_What to do:_
Given the entries below, would you transcribe exactly the lines starting at the one with "犬フェンスゲート安全ガードエ" and ending at the one with "小天鹅水魔方波轮洗衣机,京东价1849元", both kept, pictures omitted, nothing extra?

_Data for processing:_

○ ○ ○ ○

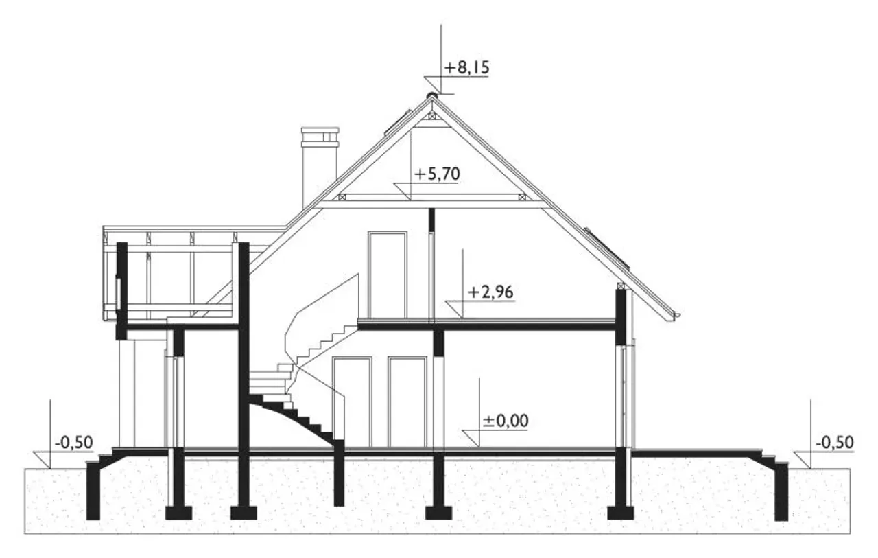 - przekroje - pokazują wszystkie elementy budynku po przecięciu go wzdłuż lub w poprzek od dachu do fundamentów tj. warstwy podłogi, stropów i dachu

○ ○ ○ ○

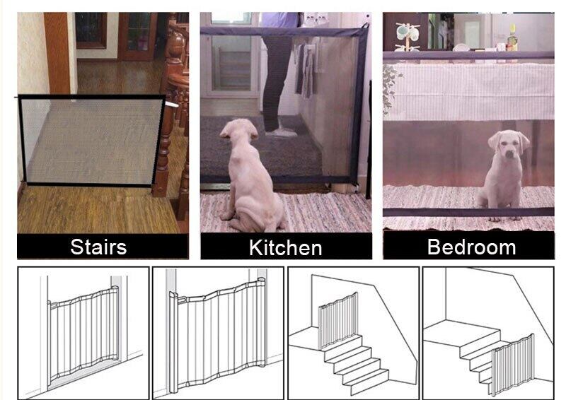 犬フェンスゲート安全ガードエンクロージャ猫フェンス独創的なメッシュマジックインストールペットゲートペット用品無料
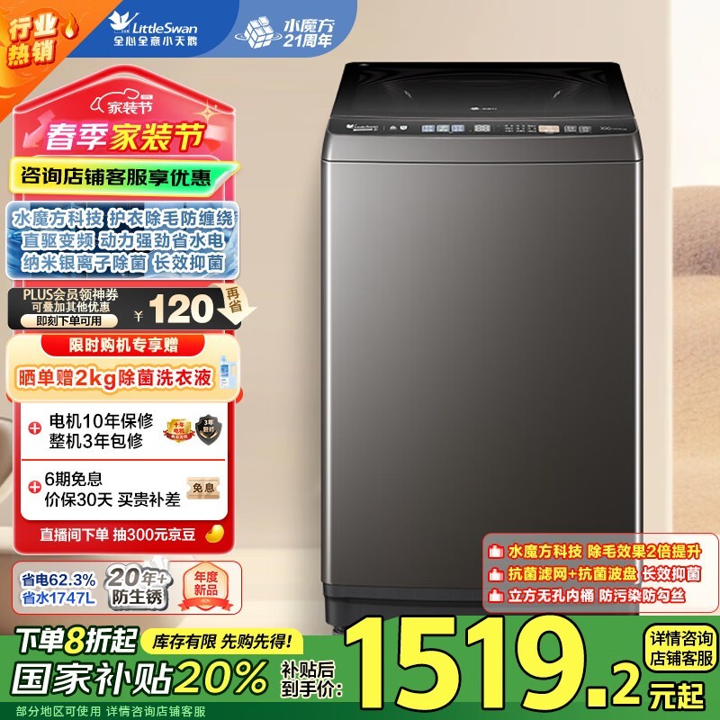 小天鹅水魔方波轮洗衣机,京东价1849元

○ ○ ○ ○

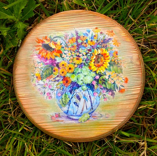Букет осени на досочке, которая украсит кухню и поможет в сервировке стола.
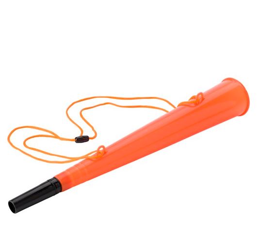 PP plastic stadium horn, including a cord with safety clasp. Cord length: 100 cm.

○ ○ ○ ○

_Output of the task:_
 犬フェンスゲート安全ガードエンクロージャ猫フェンス独創的なメッシュマジックインストールペットゲートペット用品無料
 小天鹅水魔方波轮洗衣机,京东价1849元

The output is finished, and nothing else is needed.